The WP29 welcomes some significant improvements which are offered by the Privacy Shield in comparison to the Safe Harbor decision, such as the insertion of key definitions, the mechanisms introduced to ensure the oversight of the Privacy Shield list and mandatory external and internal reviews of compliance. However, the WP29 identified various deficiencies and unclear formulations in the Privacy Shield. The WP29 criticises a general lack of clarity and expresses its strong concerns on the commercial aspects as well as the access by public authorities to data transferred under the Privacy Shield.
With respect to the commercial aspects, the WP29 contemplates that some EU key data protection principles are not reflected in the Privacy Shield (i.e. data retention principle) or have been substituted with inadequate alternative notions (i.e. purpose limitation principle). Furthermore, the WP29 is concerned that the new redress mechanism may be too complex and difficult to use for EU individuals and may thus, also considering that it is in a different language, prove to be ineffective. The WP29 urges the European Commission (Commission) to provide more clarifications on this issue. It also sees a possible improvement of the redress mechanism if the national EU data protection authorities were considered as natural contact points for EU individuals, with such authorities having the option to act on behalf of EU individuals.

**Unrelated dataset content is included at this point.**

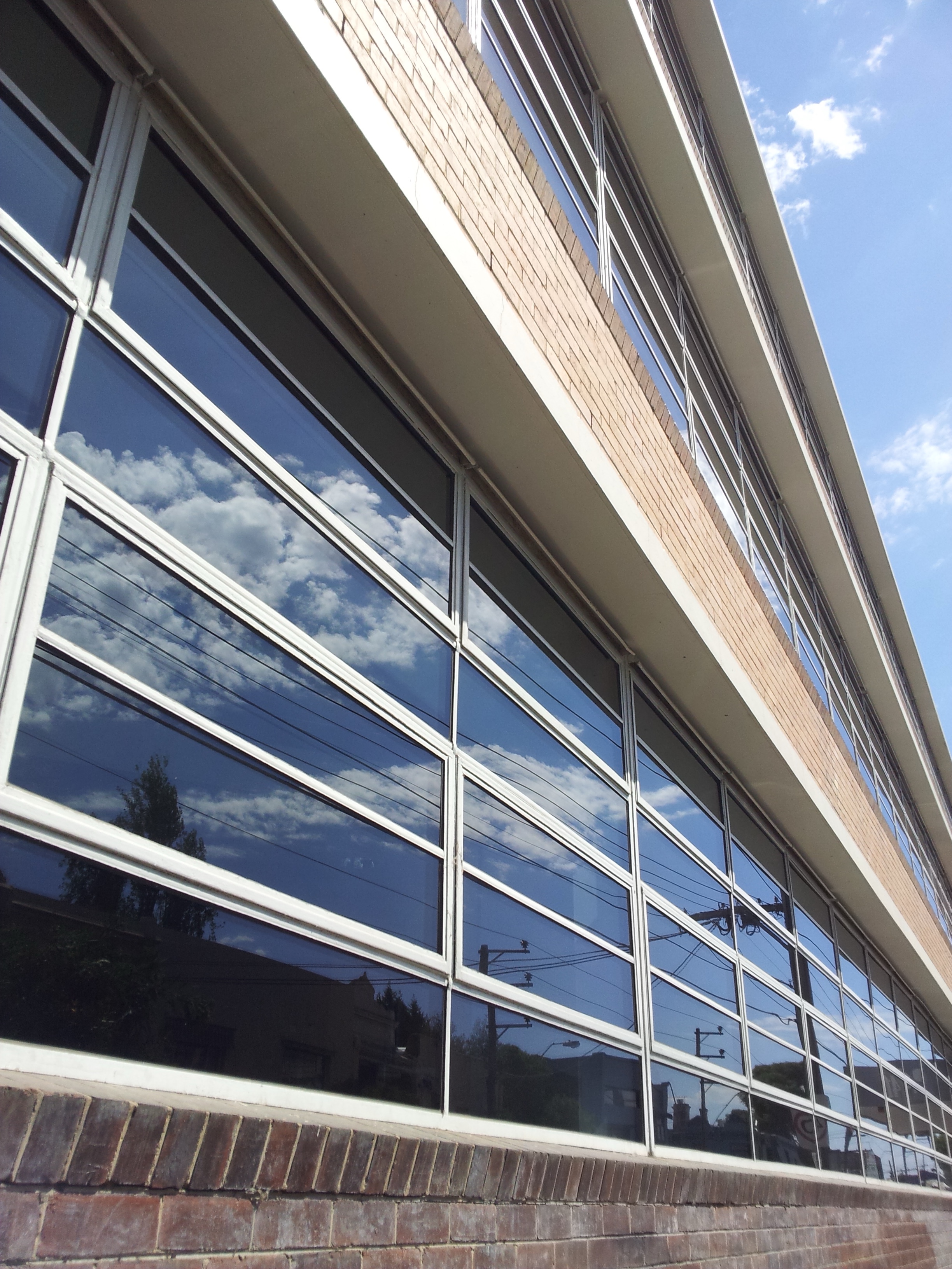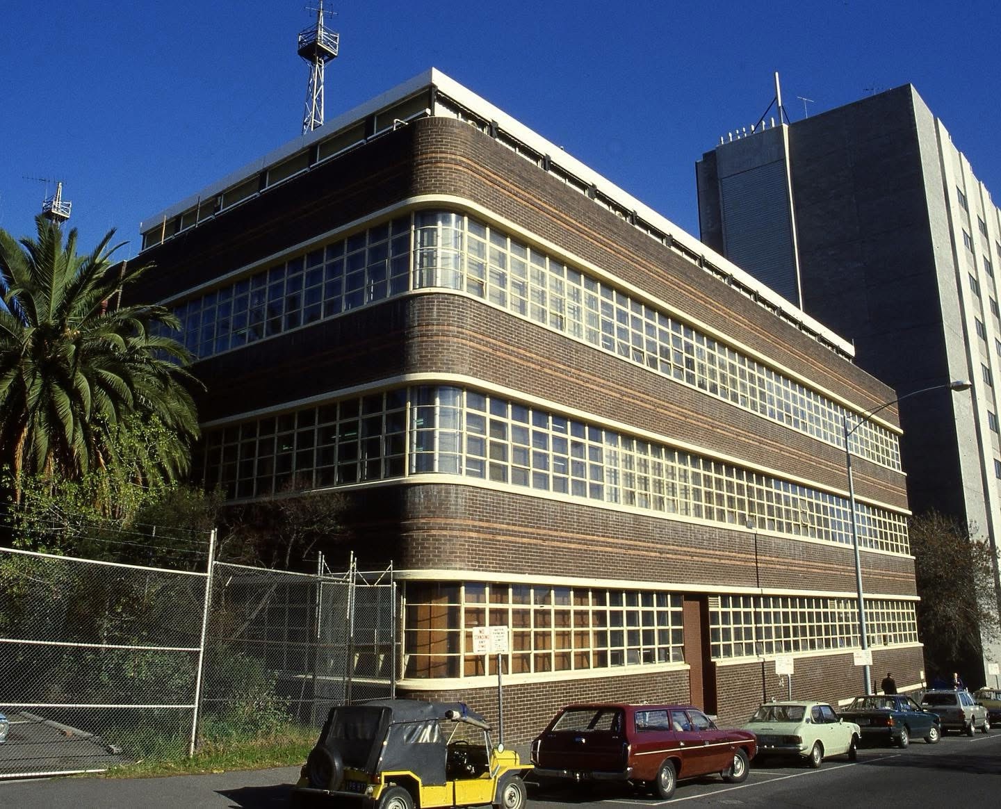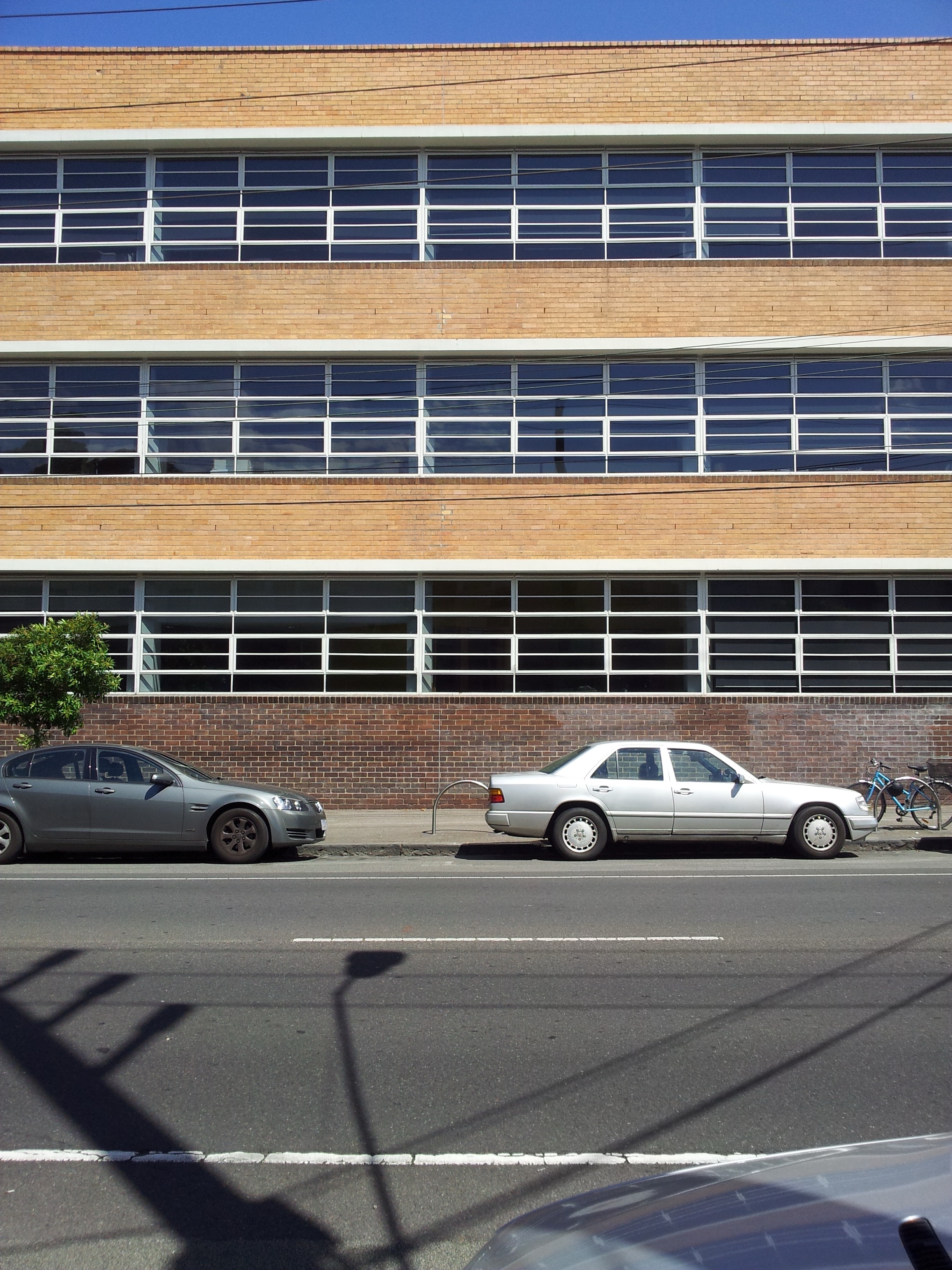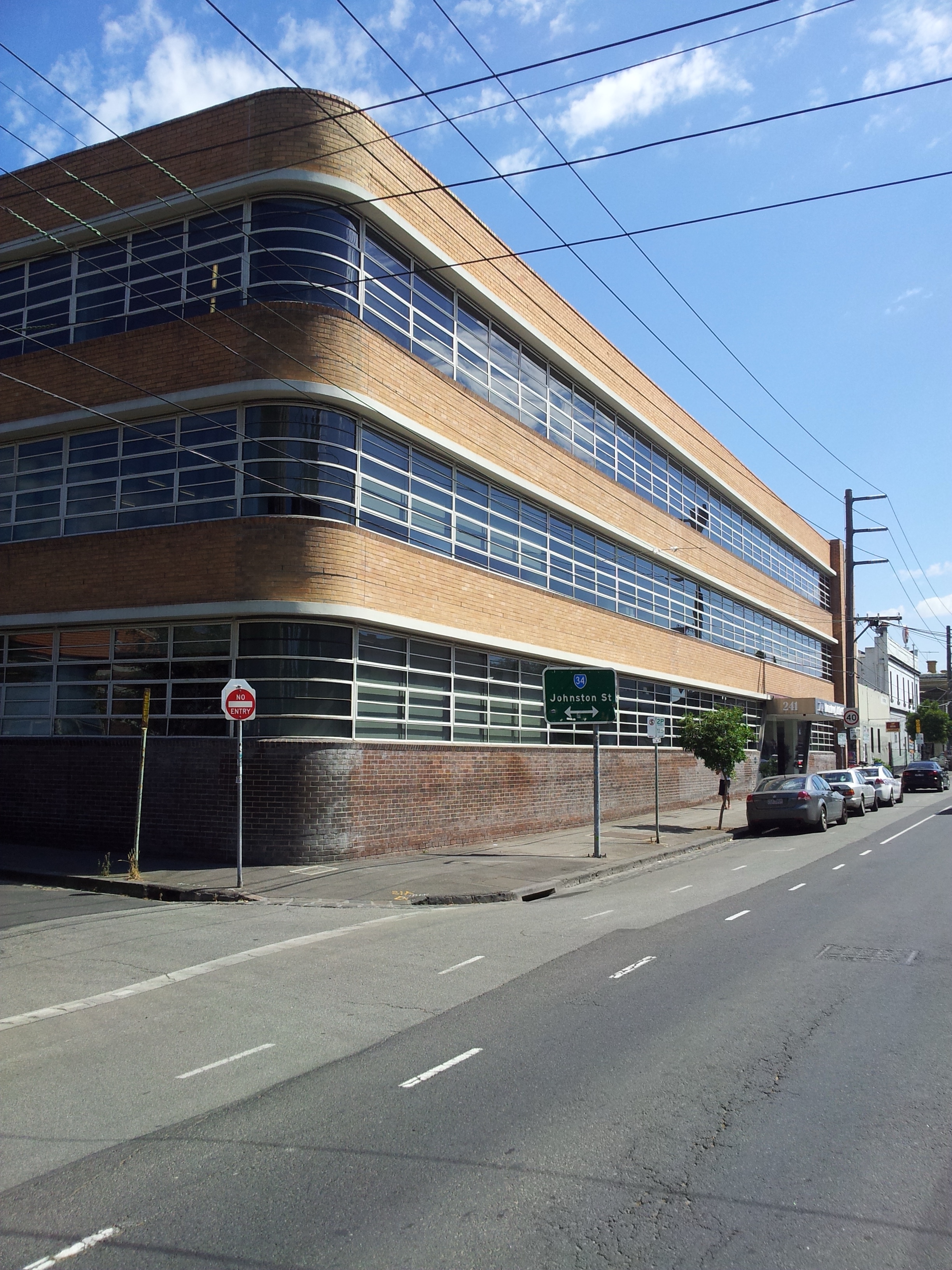 Fully streamlined in Wellington Street – the Boot School of the ex Collingwood Technical School, yet another work by the great Percy Everett of the Victorian Public Works Department. Built 1945 after the old one burned down; the only major construction allowed for ages after the war was public buildings like colleges and schools, often by Everett. The design here pretty much repeats his RMIT Bowen Street buildings of 1937-41 (last pic), but I’m not complaining. The entry here has a square motif rather than fully Deco. I took the photos in 2014, not long after the #steelframed #windows were nearly lost when the building was converted to become melbs first neighbourhood justice centre, a referb by @lyonsarchitecture, but luckily they got a rare #heritagegrant. They added a new entrance, with their signature angles, but with the simple canopy, it’s not too intrusive.

With respect to access by public authorities to data transferred under the Privacy Shield, the WP29 has strong concerns that the details provided by the U.S. Office of the Director of National Intelligence (ODNI) do not exclude massive and indiscriminate collection of personal data that originated from the EU. As there is currently a tendency to collect even more data on a massive and indiscriminate scale due to the ongoing fight against terrorism, the WP29 considers that there will be upcoming rulings in this respect by the Court of Justice of the European Union. Furthermore, the WP29 is concerned that the Ombudsperson, whose introduction is welcomed by the WP29, will not be sufficiently independent and not have the adequate powers to guarantee a satisfactory remedy in case of disputes.
The WP29 urges the Commission to resolve the expressed concerns and provide the requested clarifications. It also mentions that the Privacy Shield will have to be reviewed after the new European General Data Protection Regulation has entered into force in the course of 2018 since this Regulation will improve data protection in the EU and has to be followed by the Privacy Shield.
The opinion of the WP29 is not binding on the Commission. However, it remains to be seen if and to what extent this opinion will in practice impact the time it will take the Commission to take the final adequacy decision. In our view, there is a certain risk that the taking of the adequacy decision will be delayed by this opinion. This would most likely also delay the entry into force of a similar but separate agreement for the transfer of personal data from Switzerland to recipients located in the USA.